In the last chapter (verse 10), the people asked, “Wherefore hath the Lord pronounced all this evil against us?” And here, the reply is given: “The sin of Judah is written with a pen of iron, and with the point of a diamond: it is graven upon the table of their heart, and upon the horns of your altars.” In early times, the iron stylus and the diamond-point were used for engraving; and they cut so deep that the letters were etched in stone forever. It was in this way that the sin of Judah was permanently engraved upon their hearts; for they had set up idolatrous images of Baal everywhere, and the corruption had become so profound that none but God Himself could know it.
In verses 5-9, a universal truth is uttered; and the words are partly quoted from Psalm 1. Upon the man who trusts in man, the curse of God rests; but His blessing descends upon the person who trusts in Him alone. The former man is like a plant which grows in a salty and uninhabited desert, which is parched by the heat of the sun. But the latter is like a tree that is planted by the water-brook. Being planted and rooted in this prime location, it spreads out its roots to gain more strength; it blooms like an evergreen, and brings forth fruit – even in times of drought!
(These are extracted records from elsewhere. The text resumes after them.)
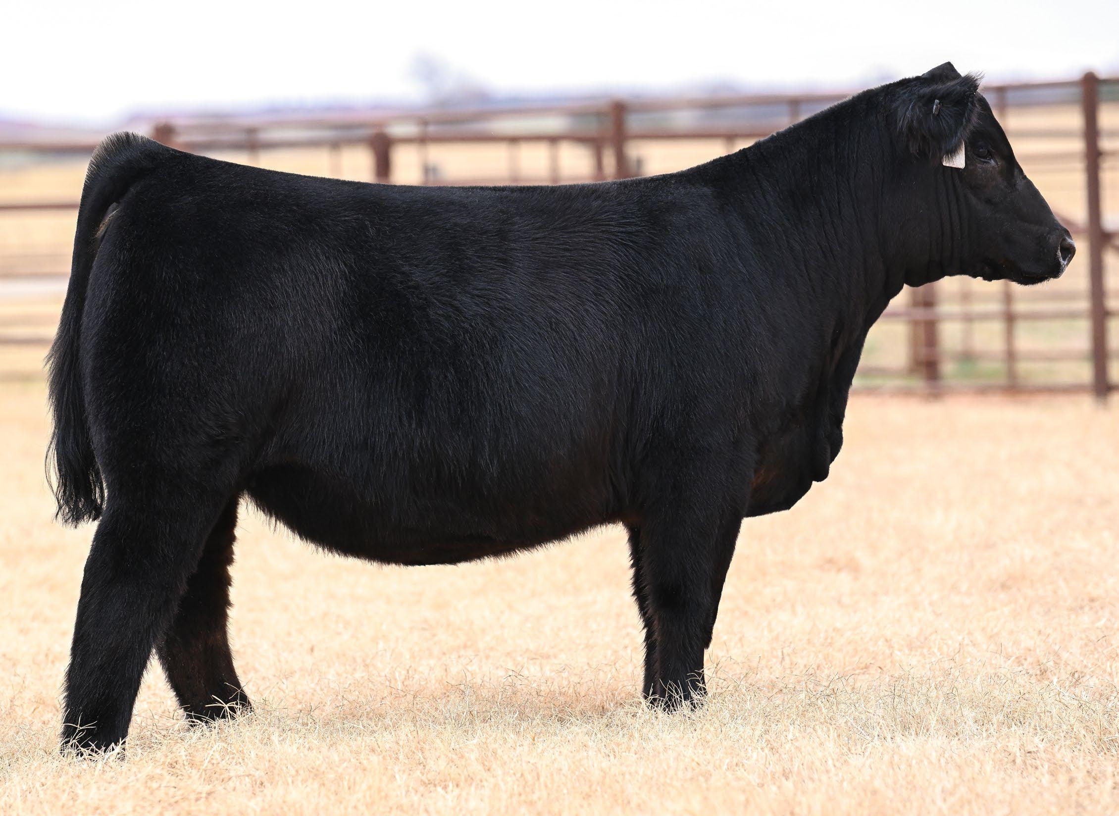 • A true sale feature that is a flashy, good-looking heifer bound to generate a buzz in the showring. She is great in her body shape, wide chested, powerful out of her hip and still flexible off both ends of her skeleton. She is high-headed and super stylish, while still being bold and functional in her basic design.
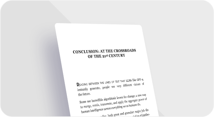CONCLUSION: AT THE CROSSROADS OF THE 21st CENTURY eading between the lines of text that LLMs like GPT-4 R instantly generate, people see very different visions of the future. Some see incredible algorithmic levers for change; a new way to merge, remix, transmute, and apply the aggregate power of human intelligence across everything we as humans do. Others see tragedies, both great and granular: major job dis- placement across multiple industries; appropriation of intellec- tual property without explicit consent; a depressed person who, after consulting an LLM, commits suicide. If a technology is truly revolutionary—if it’s destined to achieve the scale of fire, say, or the wheel, or even just the bathtub— then every person making predictions in that technology’s early days, whether utopian or apprehensive or in the middle, is Nos- tradamus. Sooner or later, they’re going to be at least anecdot- ally right. So yes, great things are coming with AI. And yes, bad things are coming with AI. I bring this up now simply to ask: where do you want to focus? 210
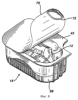 Ссылаясь на фиг.8, запечатанная упаковка 14 включает пластиковый контейнер 68 и съемный покрывной лист 70, который приклеивается на контейнер 68, чтобы укрыть и закрыть вход в область хранения сменного блока 13. Язычок 72 для захвата прикреплен к углу покрывного листа 70, на конце выступа 43 для использования при первоначальном отделении покрывного листа 70.
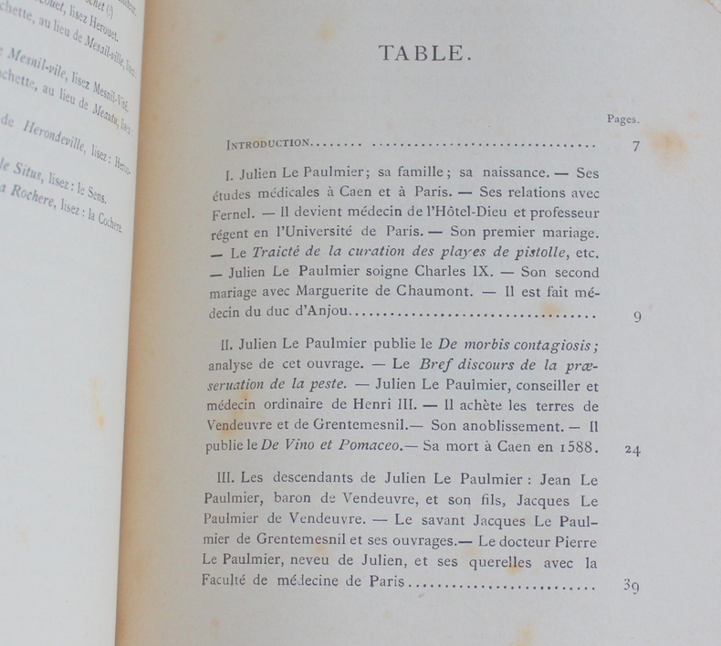 INTRODUCTION Le De Vino et Pomaceo, de Julien Le Paulmier, et la traduction de cet ouvrage, donnée sous le titre de Traité du Vin et du Sidre, par Jacques de Cahaignes, ont obtenu dans leur temps un succès mérité. Ces volumes, devenus rarissimes, sont de nos jours curieusement recherchés par les bibliophiles ainsi que par tous ceux qui, depuis de longues années déjà, se préoccupent des perfectionnements à apporter à la culture des pommiers et à la fabrication du cidre, ou qui étudient les effets hygiéniques d'une boisson dont l'usage tend à se généraliser. C'est, en effet, au livre du médecin normand, vieux de plus de trois siècles, que les traités modernes d'agriculture ou de pomologie ont emprunté presque toujours ce qu'ils ont dit des origines du cidre, des anciennes variétés de fruits, des propriétés du breuvage tiré des pommes; c'est chez lui aussi que des praticiens éminents ont puisé quelques-unes de leurs théories sur l'emploi du cidre pour le traitement de certaines affections. Mais les uns et les autres ont souvent recherché en vain les textes de Julien Le Paulmier et de son translateur; ils ont dû se borner à en citer quelques passages de seconde main, et par conséquent avec des chances d'inexactitude. En rééditant le Traité du Vin et du Sidre, en livrant au public une réimpression fac-simile de l'ouvrage presque introuvable de Julien Le Paulmier, la Société des Bibliophiles normands ne se borne pas à satisfaire le goût des amateurs de livres précieux; elle fournit à l'une des industries agricoles les plus importantes de la Normandie et d'une partie de la France des éléments d'information d'une haute valeur. Tout en restant fidèle à son programme, elle rend donc service à des intérêts de premier ordre et fait acte de patriotisme, au moins local. Bibliophiles et cultivateurs lui en sauront gré. Avant de parler de l'ouvrage, il convient de dire ce que furent l'auteur et le traducteur. Je ne puis parler ici aussi longuement qu'il le faudrait sans doute, de Julien Le Paulmier et de Jacques de Cahaignes, de leur vie, de leurs œuvres et de leurs familles qui, l'une et l'autre, comptèrent plusieurs générations d'hommes de mérite. J'entrerai cependant au sujet des Le Paulmier dans des détails qui, je l'espère, ne seront pas jugés inutiles.

But the prophet pauses here and says, “The heart is deceitful above all things, and desperately wicked!” (verse 9) Such was the case in his days, and it is equally so in ours. In the heart of man, there are so many windings and turnings that the eye of human reason can never find the bottom thereof. But God does know the human heart, for He searches it through and through. And one day, every human heart will be laid bare to itself and to mankind; all of its pride, vanity, and wickedness shall be exposed to view. And of all terrible sights, that will surely be one of the most terrible! But is there any way to escape this? Is there any way to be exempted from the fearful exposure of our depravity, and from the everlasting consequences which will follow that exposure? Yes, there is! If we humbly submit ourselves to the all-searching eye; and if we pray for the grace of our Savior to renovate, cleanse, and purify our evil heart – then a new heart will be given to us, and a right spirit will be put within us! And then we shall never fall under condemnation, for our sanctified nature will be found to be fit to share in the heavenly inheritance of the skies!
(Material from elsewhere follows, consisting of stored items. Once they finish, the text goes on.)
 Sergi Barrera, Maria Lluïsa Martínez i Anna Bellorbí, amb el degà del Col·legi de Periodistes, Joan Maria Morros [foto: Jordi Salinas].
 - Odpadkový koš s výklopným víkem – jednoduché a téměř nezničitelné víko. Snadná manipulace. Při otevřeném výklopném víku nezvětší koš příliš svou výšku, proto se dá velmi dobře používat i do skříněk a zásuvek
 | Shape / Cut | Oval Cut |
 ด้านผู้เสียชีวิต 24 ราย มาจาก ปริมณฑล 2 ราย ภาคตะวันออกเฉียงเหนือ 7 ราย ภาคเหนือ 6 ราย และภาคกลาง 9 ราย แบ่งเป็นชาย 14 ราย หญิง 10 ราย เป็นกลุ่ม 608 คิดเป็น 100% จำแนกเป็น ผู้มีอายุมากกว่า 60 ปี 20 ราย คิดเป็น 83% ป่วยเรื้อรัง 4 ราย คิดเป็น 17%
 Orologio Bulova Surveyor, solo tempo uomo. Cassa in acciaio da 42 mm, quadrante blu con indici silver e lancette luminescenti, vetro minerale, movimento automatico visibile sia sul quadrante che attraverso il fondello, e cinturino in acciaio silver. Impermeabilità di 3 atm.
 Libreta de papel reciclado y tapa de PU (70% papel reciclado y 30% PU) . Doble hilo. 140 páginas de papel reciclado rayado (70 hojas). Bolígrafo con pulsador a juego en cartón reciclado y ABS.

Verses 19-27 contain a warning and a caution to revere the Sabbath Day, as well as a promise of prosperity if this admonition was obeyed. This is certainly one of those passages in the writings of Jeremiah which deserves to be pondered in these God-dishonoring days. The law of the Jewish Sabbath was that no work was to be done on that day. But in Jeremiah’s time, the people were commonly seen carrying burdens out of their houses, and entering with them into the gates of Jerusalem – which, being the holy city, ought to have been preserved above all other places from such desecration. Jeremiah witnessed these things; and at God’s command, he went and stood in “the gate of the common people,” so that all who entered there might hear his words. There he spoke to them of the Sabbath-law which their fathers had disobeyed; and there he urged them to the observance of that law, by representing to them the blessings which would follow if they obeyed it, and the curses which would fall upon them if they did not.
But it will probably be said (as indeed it has been said by many) that the Jewish Sabbath has been abrogated; and therefore, Christians have little or nothing to do with such passages from the Old Testament. It is right to admit that the Christian Sabbath is a different institution from the Jewish Sabbath in these respects: first, it is not observed on the seventh day of the week, but on the first; second, it commemorates not so much the rest of God from the work of creation, as the rest of Christ from the work of redemption and resurrection from the dead; and third, it is not celebrated by a cessation from all work, but only from unnecessary work – as well as by acts of worship, charity, and love. But does this mean that its observance is a matter of indifference? Shall we say, then, that the Sabbath is an old and worn-out institution; and that no one will be any better for observing it, and no one any worse for setting it aside? The people of the world may say this, but we will not admit it for a moment. The Lord’s Day was kept by the early Christians as a day of gladness and rejoicing; and they continued to observe it in such a manner, even after the Apostles had entered their heavenly reward. Are we, then, under no obligation to regard it at all? Would it be right for us to set it aside and make it a day of trade, commerce, and pleasure, like the other six days of the week? I am sure that you will not hesitate to answer, “No!” Somehow, an instinctive desire to observe the Sabbath arises wherever the Gospel of the grace of God is proclaimed; and people not only see how valuable an institution the Sabbath is, but they learn to call it a delight! It becomes to them “the pearl of days” – the brightest day of the week, and the pledge and foretaste of the everlasting rest of heaven.
Lord Jehovah, we acknowledge that our hearts are indeed deceitful and desperately wicked. Come to us and search our hearts, and heal us from our sinful backslidings from You! Cause us to love Your blessed Sabbath Day, and to find it to be a delight and a blessing to our souls. Amen.